- EXERCISE AIM
Find the line below with "Natural colour wicker" and the line with "fushi, 1girl, solo, jewelry, earrings, brown". Output exactly those lines and everything between them, leaving out the pictures.

(DATA EXTRACTS)

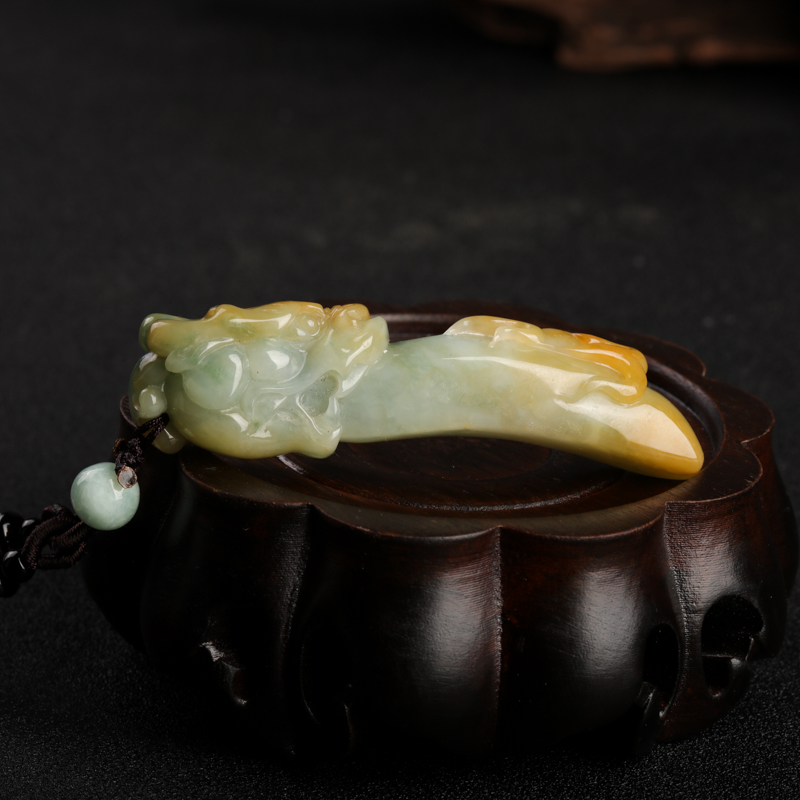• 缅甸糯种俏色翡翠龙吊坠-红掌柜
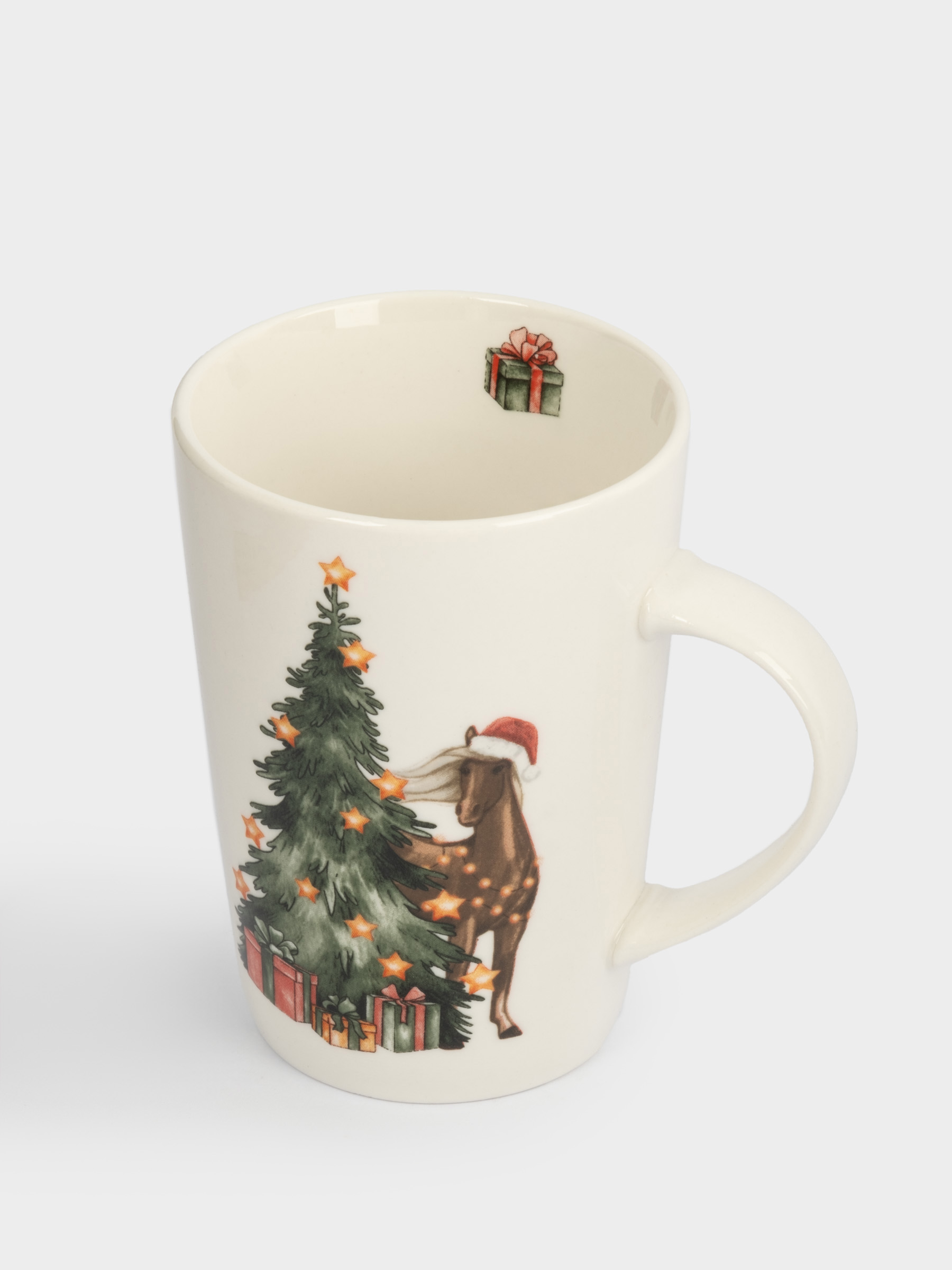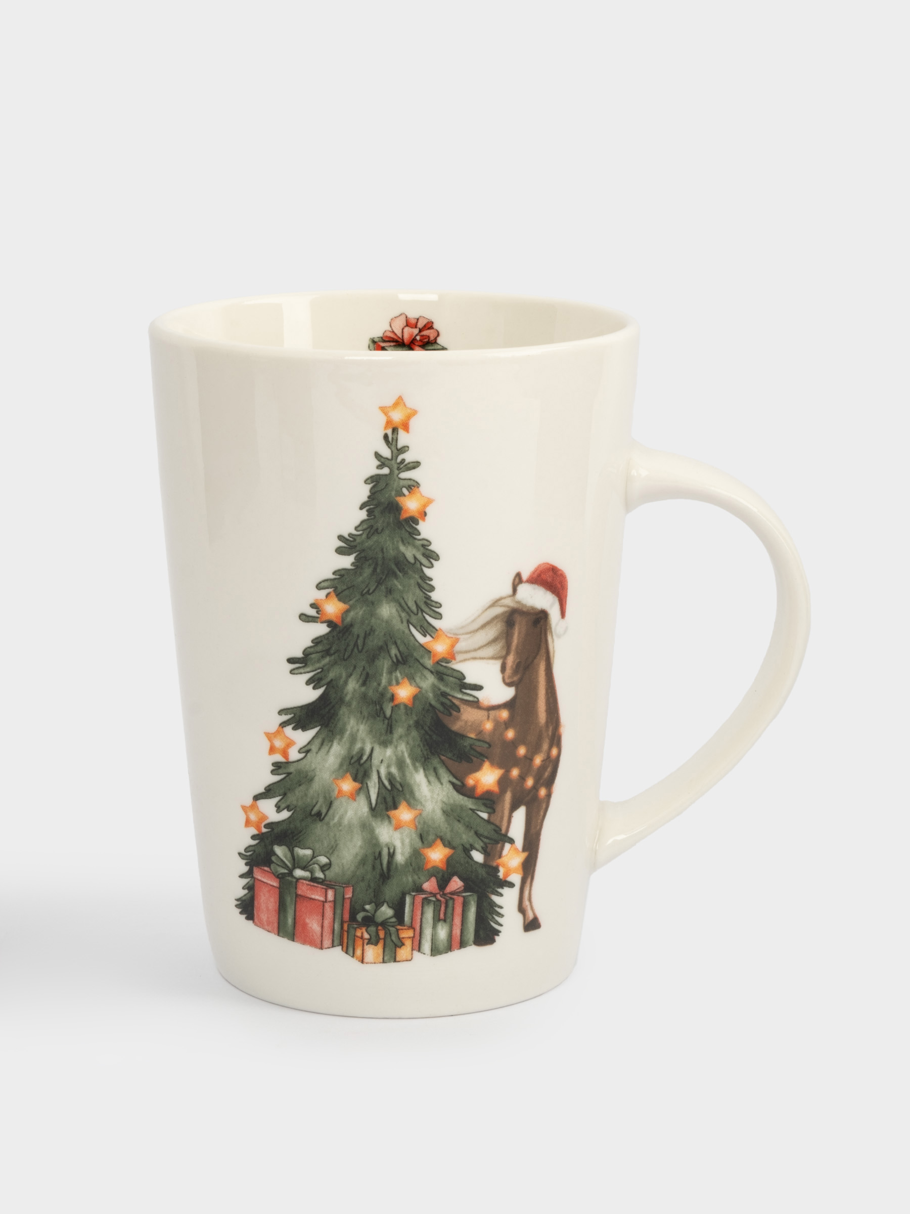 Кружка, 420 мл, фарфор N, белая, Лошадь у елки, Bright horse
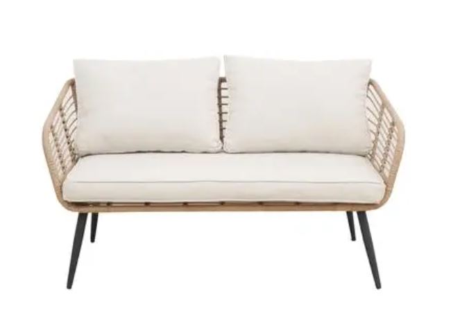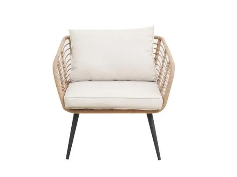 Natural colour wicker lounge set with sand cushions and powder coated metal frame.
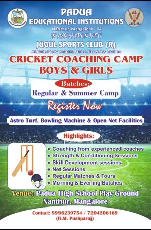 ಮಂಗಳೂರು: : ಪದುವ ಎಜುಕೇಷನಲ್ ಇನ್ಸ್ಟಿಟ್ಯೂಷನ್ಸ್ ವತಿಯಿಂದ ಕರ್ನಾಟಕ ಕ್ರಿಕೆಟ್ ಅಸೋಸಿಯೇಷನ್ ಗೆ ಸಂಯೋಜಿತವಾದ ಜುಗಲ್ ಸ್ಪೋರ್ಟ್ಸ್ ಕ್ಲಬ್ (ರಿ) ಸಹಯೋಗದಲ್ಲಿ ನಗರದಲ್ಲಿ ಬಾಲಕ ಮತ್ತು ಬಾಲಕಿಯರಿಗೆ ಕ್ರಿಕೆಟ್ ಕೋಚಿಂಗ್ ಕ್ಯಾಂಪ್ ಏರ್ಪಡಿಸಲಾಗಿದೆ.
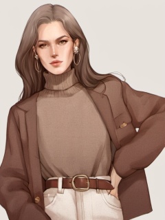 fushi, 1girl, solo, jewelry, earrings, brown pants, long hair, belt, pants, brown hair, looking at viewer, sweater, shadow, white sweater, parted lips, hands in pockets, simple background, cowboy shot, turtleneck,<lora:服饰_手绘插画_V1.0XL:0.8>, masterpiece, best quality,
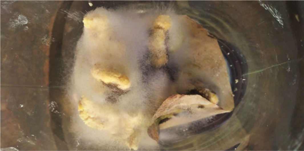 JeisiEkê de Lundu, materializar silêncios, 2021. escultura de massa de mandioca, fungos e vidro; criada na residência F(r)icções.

(End DATA EXTRACTS)
(DATA EXTRACTS)

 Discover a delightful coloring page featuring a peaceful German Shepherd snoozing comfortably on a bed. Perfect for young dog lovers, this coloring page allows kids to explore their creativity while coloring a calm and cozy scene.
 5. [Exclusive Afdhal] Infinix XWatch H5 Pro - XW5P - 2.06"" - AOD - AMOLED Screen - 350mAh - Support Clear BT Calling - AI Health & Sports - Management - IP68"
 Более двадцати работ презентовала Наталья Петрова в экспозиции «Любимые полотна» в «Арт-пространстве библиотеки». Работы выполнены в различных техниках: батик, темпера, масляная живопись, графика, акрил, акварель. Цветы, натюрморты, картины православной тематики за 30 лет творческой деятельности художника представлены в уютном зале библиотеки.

(End DATA EXTRACTS)
(DATA EXTRACTS)

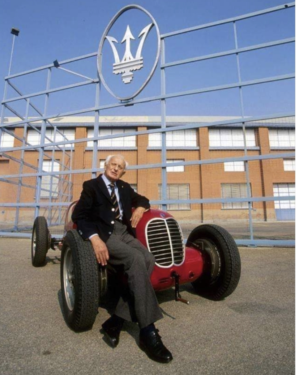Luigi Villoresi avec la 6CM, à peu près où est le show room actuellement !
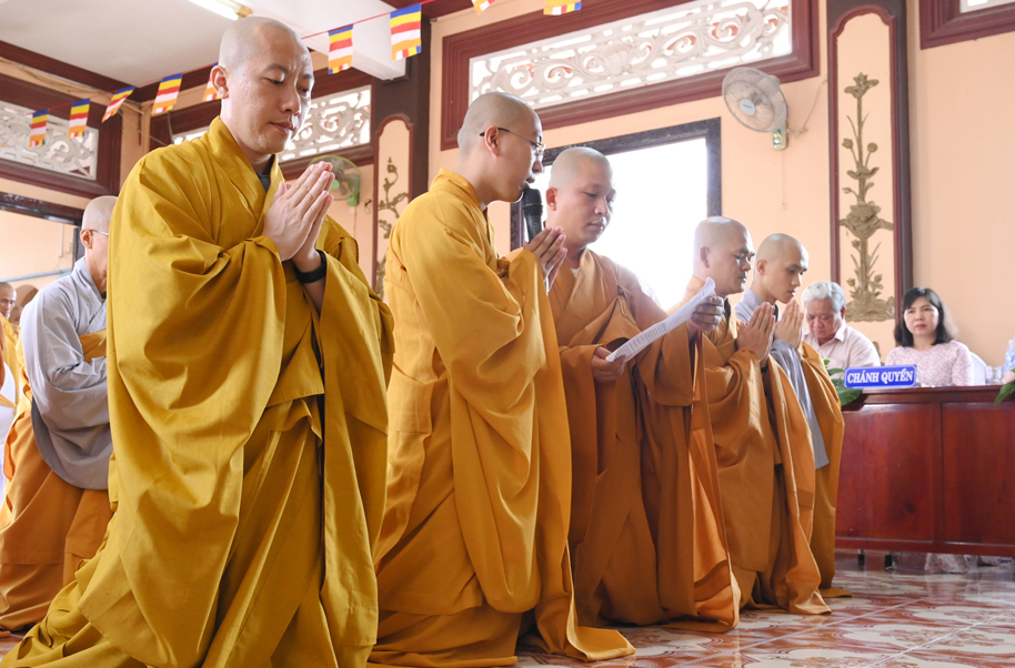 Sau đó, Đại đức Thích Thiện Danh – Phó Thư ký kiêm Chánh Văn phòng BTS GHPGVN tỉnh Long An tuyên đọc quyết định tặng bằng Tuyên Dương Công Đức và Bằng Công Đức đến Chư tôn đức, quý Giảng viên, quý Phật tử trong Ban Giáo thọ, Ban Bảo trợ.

(End DATA EXTRACTS)

- EXERCISE SOLUTION
 Natural colour wicker lounge set with sand cushions and powder coated metal frame.
 ಮಂಗಳೂರು: : ಪದುವ ಎಜುಕೇಷನಲ್ ಇನ್ಸ್ಟಿಟ್ಯೂಷನ್ಸ್ ವತಿಯಿಂದ ಕರ್ನಾಟಕ ಕ್ರಿಕೆಟ್ ಅಸೋಸಿಯೇಷನ್ ಗೆ ಸಂಯೋಜಿತವಾದ ಜುಗಲ್ ಸ್ಪೋರ್ಟ್ಸ್ ಕ್ಲಬ್ (ರಿ) ಸಹಯೋಗದಲ್ಲಿ ನಗರದಲ್ಲಿ ಬಾಲಕ ಮತ್ತು ಬಾಲಕಿಯರಿಗೆ ಕ್ರಿಕೆಟ್ ಕೋಚಿಂಗ್ ಕ್ಯಾಂಪ್ ಏರ್ಪಡಿಸಲಾಗಿದೆ.
 fushi, 1girl, solo, jewelry, earrings, brown pants, long hair, belt, pants, brown hair, looking at viewer, sweater, shadow, white sweater, parted lips, hands in pockets, simple background, cowboy shot, turtleneck,<lora:服饰_手绘插画_V1.0XL:0.8>, masterpiece, best quality,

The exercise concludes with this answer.